Dubai-based Emirates Airline has reported a net profit of $77 million for the first six months of the financial year ended September 30, 2008, down 88%, compared to $643 million in net profit for the same period in 2007, showing the impact of the record fuel prices earlier in 2008.

The drop in profits reflects a 40% increase in airline unit costs per tonne kilometer, with fuel spend more than doubling from $1.1 billion in the first six months of the previous fiscal year, to $2.5 billion in the first six months of the current fiscal year.

In the first half of its financial year 2008-09, Emirates’s operating revenues increased by 31% to $6 billion. Passenger traffic was up 11%, cargo tonnes up 13%, and passenger yield increased by 20%.

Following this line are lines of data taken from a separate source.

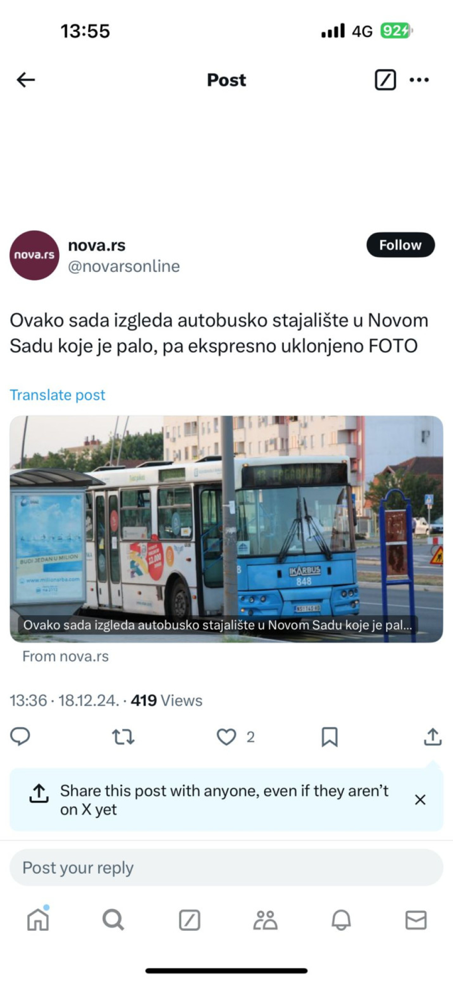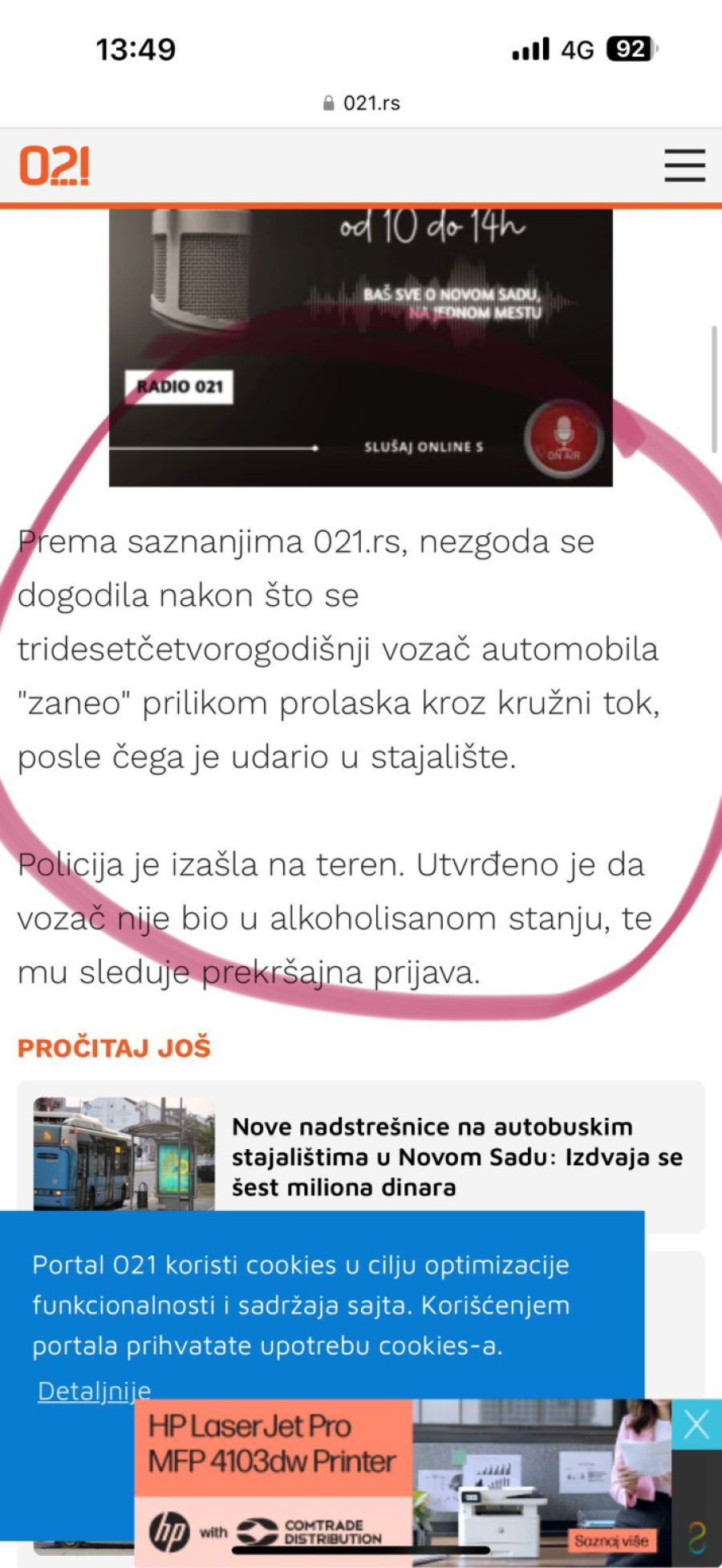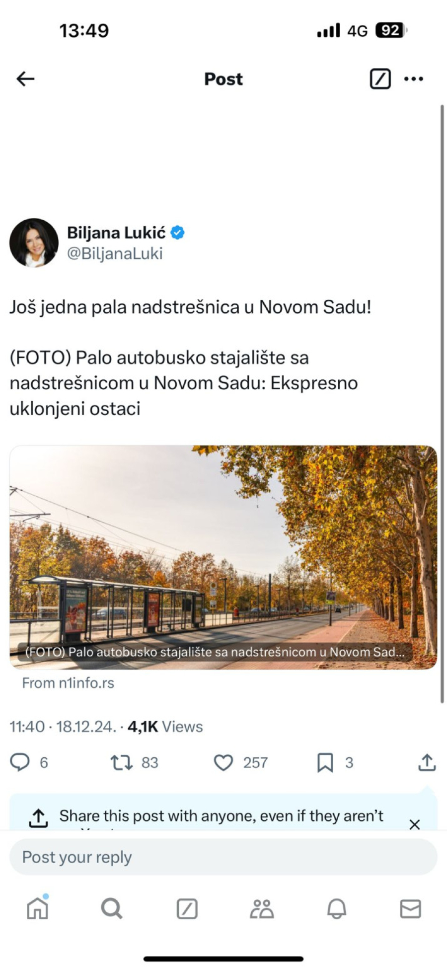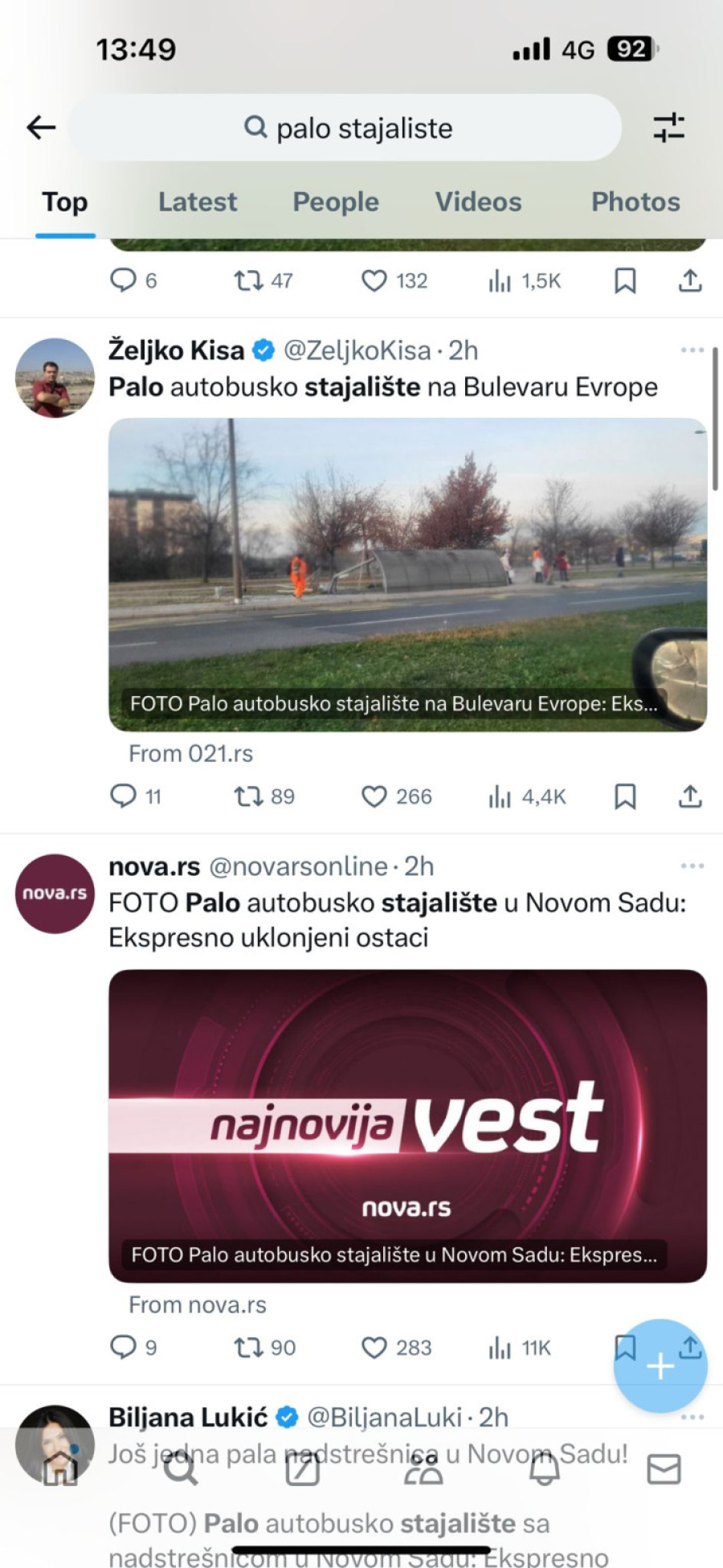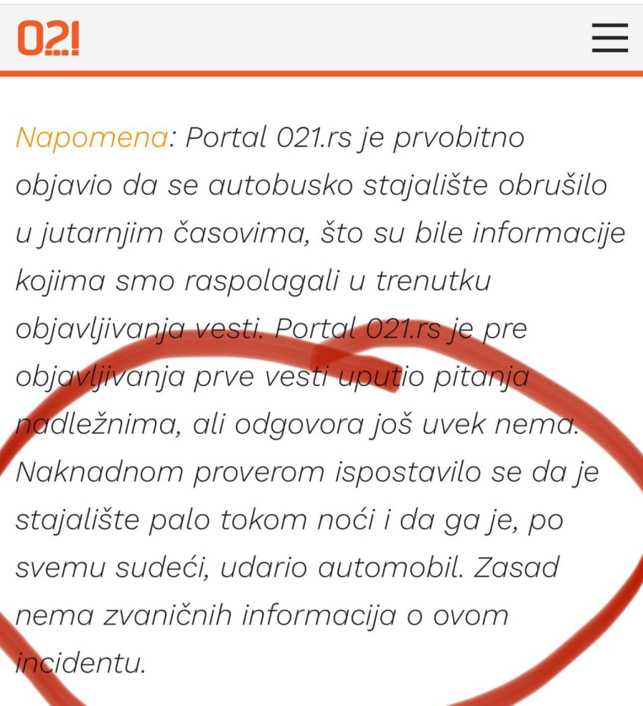 Mediji Dragana Đilasa i Biljana Lukić preneli informaciju da se srušilo autobusko stajalište u Novom Sadu, ali, izostavili da napomenu da se stajalište srušilo jer je u njega udario automobil prilikom saobraćajne nezgode.
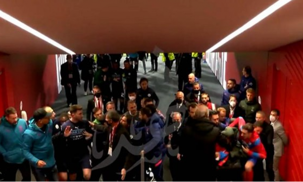 Një video është bërë virale në rrjetet sociale që tregon një përleshje që ndodhi mes lojtarëve dhe stafit stërvitor të Atletico Madrid dhe Manchester City në tunelin që çon në dhomat e zhveshjes së Estadio Wanda Metropolitano.
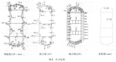 结构计算采用 SAP 软件进行计算,荷载 - 结构模型,二衬结构拱、边墙均用梁单元进行模拟,土层与结构接触用弹簧单元模拟。根据《铁路隧道设计规范》,拱顶荷载取全部覆土自重。
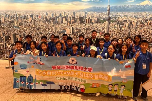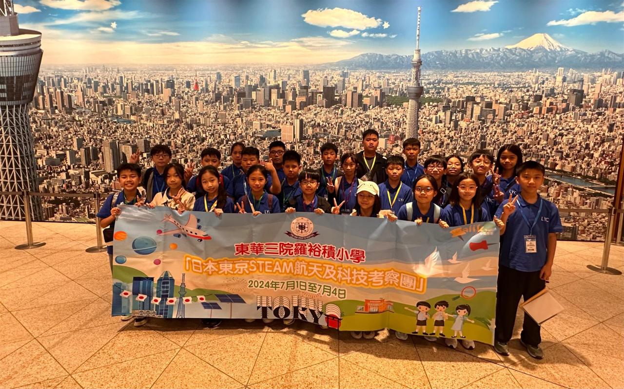 為了讓學生擴闊在航天及不同生活層面上有關STEAM科技及知識的眼界,本校於1-4/7/2024帶同24位五年級學生前往日本東京進行為期四天的學習行程,考察及認識航空發展和創新科技應用的現況。同時,本考察團期望讓學生在陌生環境中培養自理能力、獨立思考的能力、整體禮儀及合作精神;更透過學生與不同文化背景的人交流,深入了解不同的價值觀,培養尊重、包容和全球公民意識。 四天的學習行程包括前往航空科學博物館、JAXA筑波宇宙中心、東京Skytree晴空塔、川崎重工的機器人展廳、日本科學未來館、東京幻視藝術館、TEPIA先端技術館、參訪早稻田大學、和果子體驗及台場Diver City。同學們表示在這四天的學習行程中學到了很多有關STEAM及航天科技的知識,經歷十分奇妙充實,可説是獲益良多。日後,他們説會把學習到的知識運用到生活中,利用科學幫助更多的人及解決社會更多的問題。
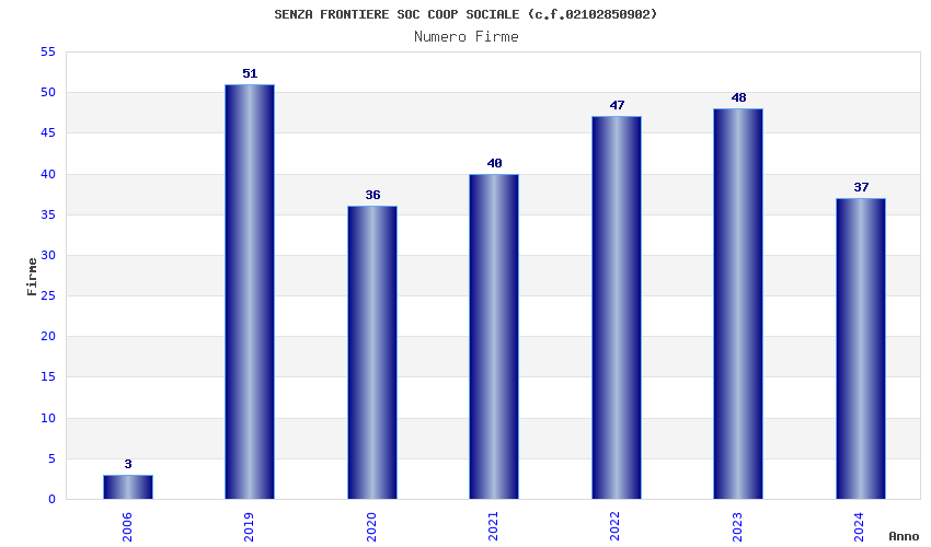 | Anno | Firme | Importi | Media | Naz. | Reg. | Prov. | Comu. |
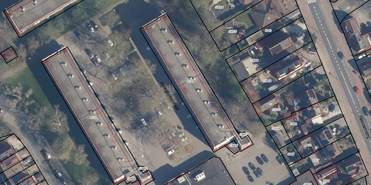 Het perceel waarop Weegbreestraat 95-334 staat heeft een oppervlakte van 1353 m². Dit is een zeer groot perceel. De perceeloppervlakte wordt geregistreerd door het Kadaster. Gedetailleerde informatie over de maten van dit perceel kunt u vinden in het rapport Kadastrale kaart met maatvoering van Weegbreestraat 95-334.
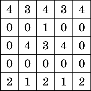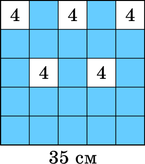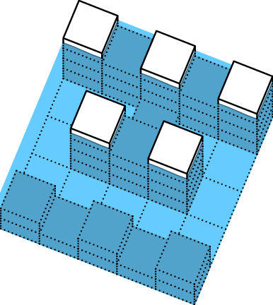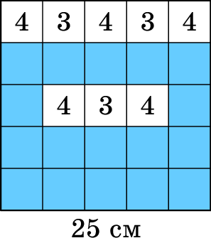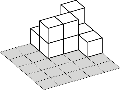 Посреди пустого бассейна стоит квадратная платформа 50 × 50 сантиметров, расчерченная на клеточки 10× 10 см. На клетки платформы Лена ставит башенки из кубиков 10× 10× 10 см. Потом Таня включает воду. Если высоты башенок были такие, как в таблице справа, то при уровне воды 5 см был 1 остров, при уровне воды 15 см было два острова (если острова «граничат по углу», то считаются отдельными островами), а при уровне воды 25 см все башенки оказались закрыты водой и стало 0 островов.
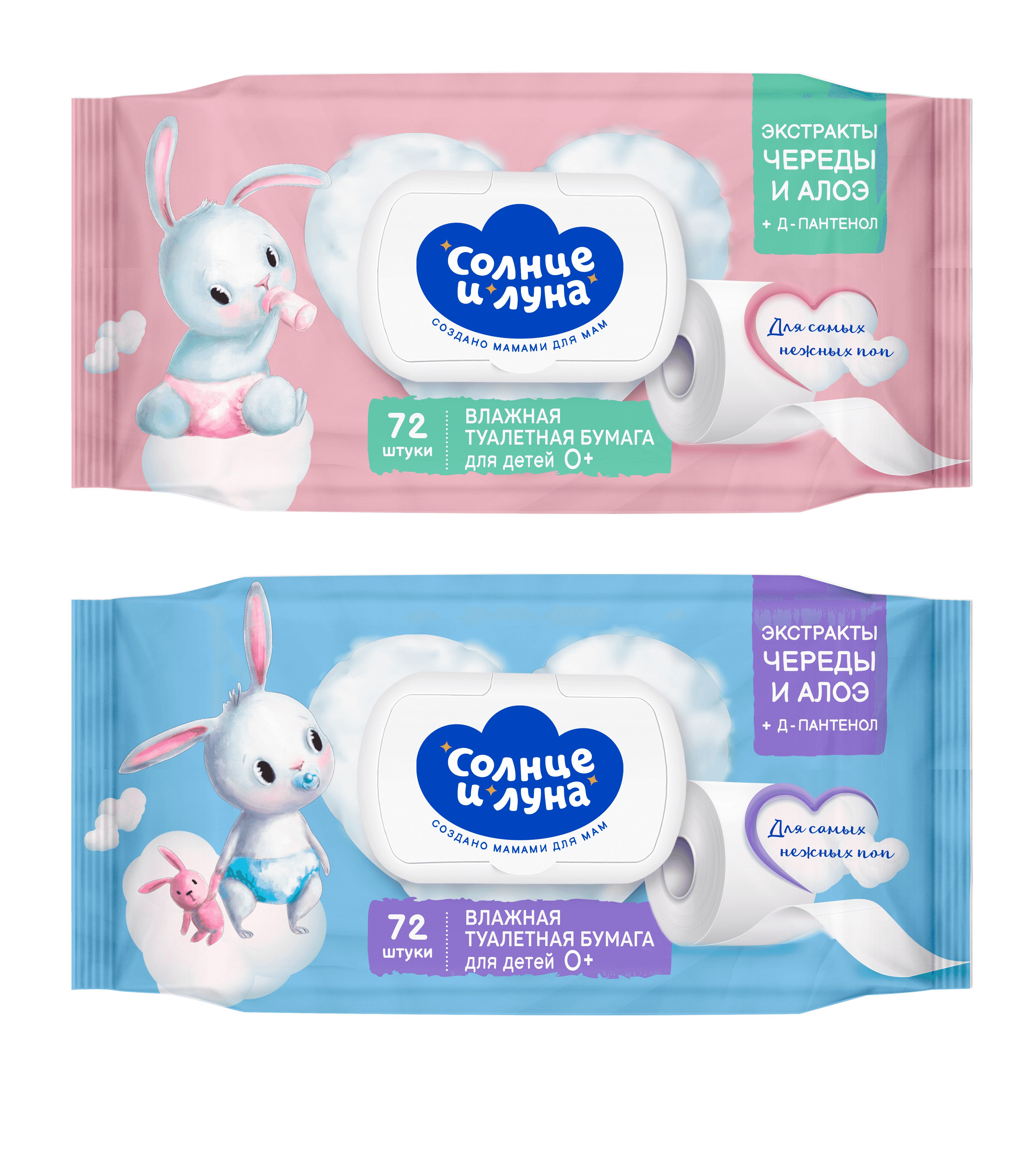 СОЛНЦЕ И ЛУНА Влажная бумага туалетная для детей с экстрактом череды 72шт
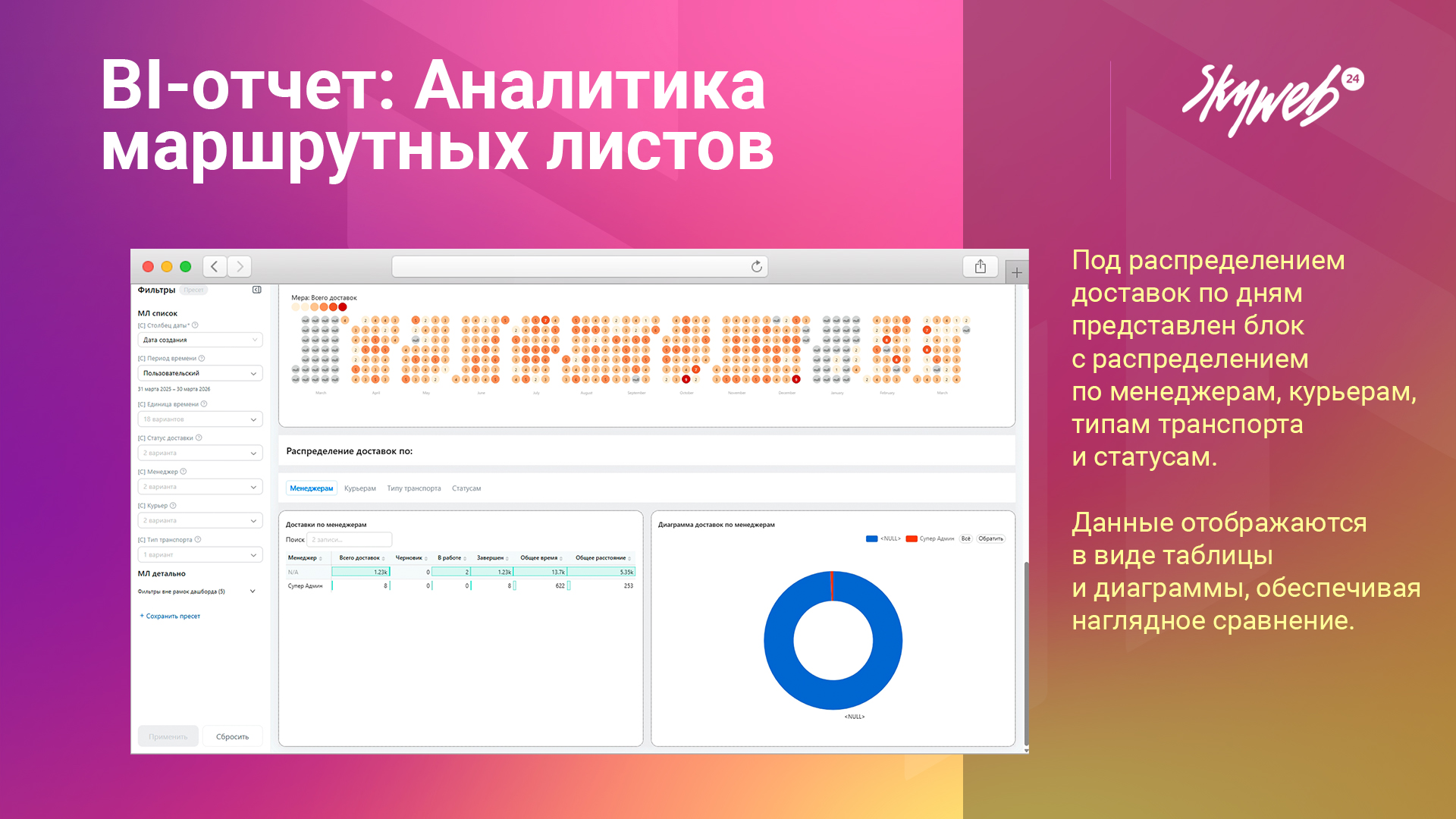 - Распределение по менеджерам/курьерам/транспорту/статусам - таблицы и диаграммы распределения доставок.
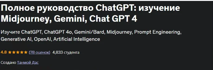 Нейросети [Udemy] Полное руководство ChatGPT - изучение Midjourney, Gemini, Chat GPT 4 (2024)
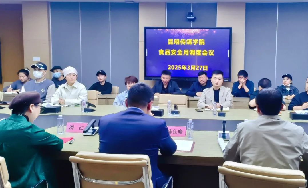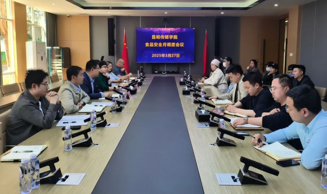 3月27日,昆明传媒学院举行食品安全月调度会议暨校长现场办公会。校长潘红、校长助理陈仕鹰,后勤处负责人、食堂商户代表以及餐饮与商业中心全体成员出席会议。会议聚焦校园食品安全工作,围绕近期工作进展、风险排查情况及未来提升方向展开深入研讨,旨在进一步强化责任落实,为全校师生营造安全、健康的就餐环境。
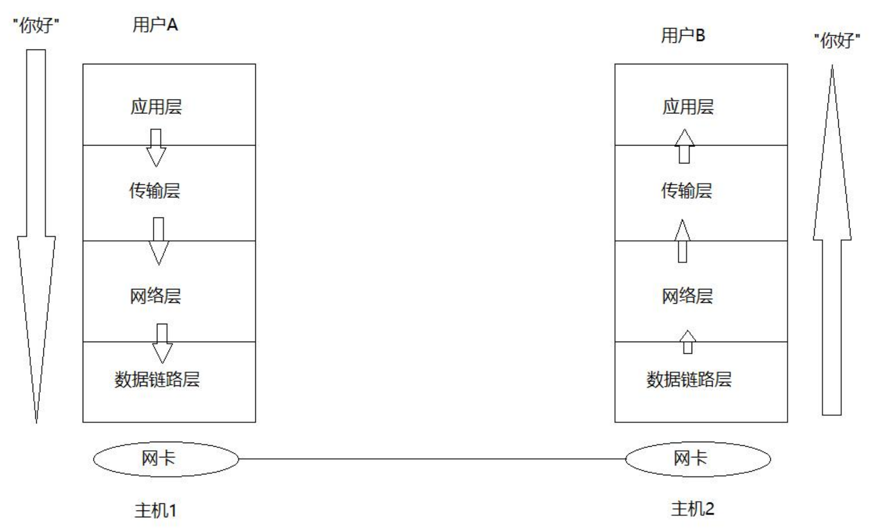 用户A(人)向用户B发送数据,内容为“你好”。
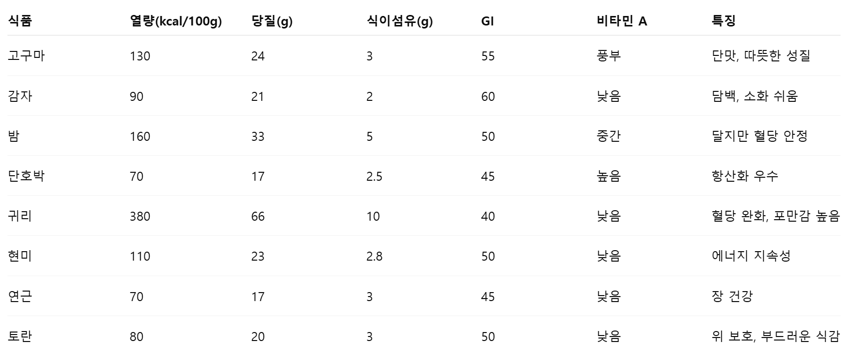 고구마보다 GI(혈당지수)는 조금 높지만 소화가 잘됨
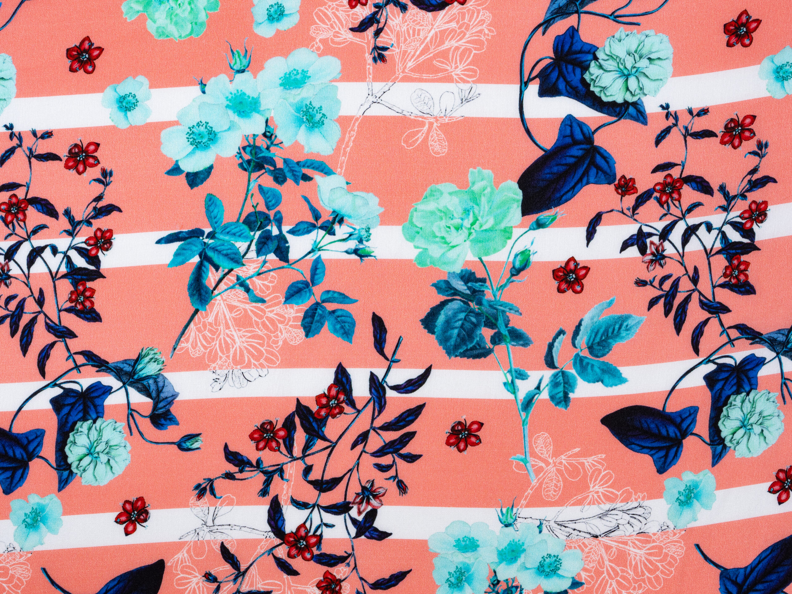 Gated Flora Blue Peach Italian Silk Satin

Seat factor averaged 78.3%, down slightly on 79.7% for the previous year, against a 13% increase in capacity. Emirates’s current fleet size is 121 aircraft. Since the beginning of the current financial year, Emirates received delivery of eight new wide body aircraft including two Airbus A380 superjumbo jets.

Ahmed Al-Maktoum, chairman and CEO of the Emirates Airline and Group, said: “The first half of the year has been very tough for the airline industry, with record fuel prices forcing many carriers to shut shop or consolidate. Emirates has worked hard to manage the impact of high fuel prices on our unit costs, while continuing to grow our business and provide our customers with a quality product and service.”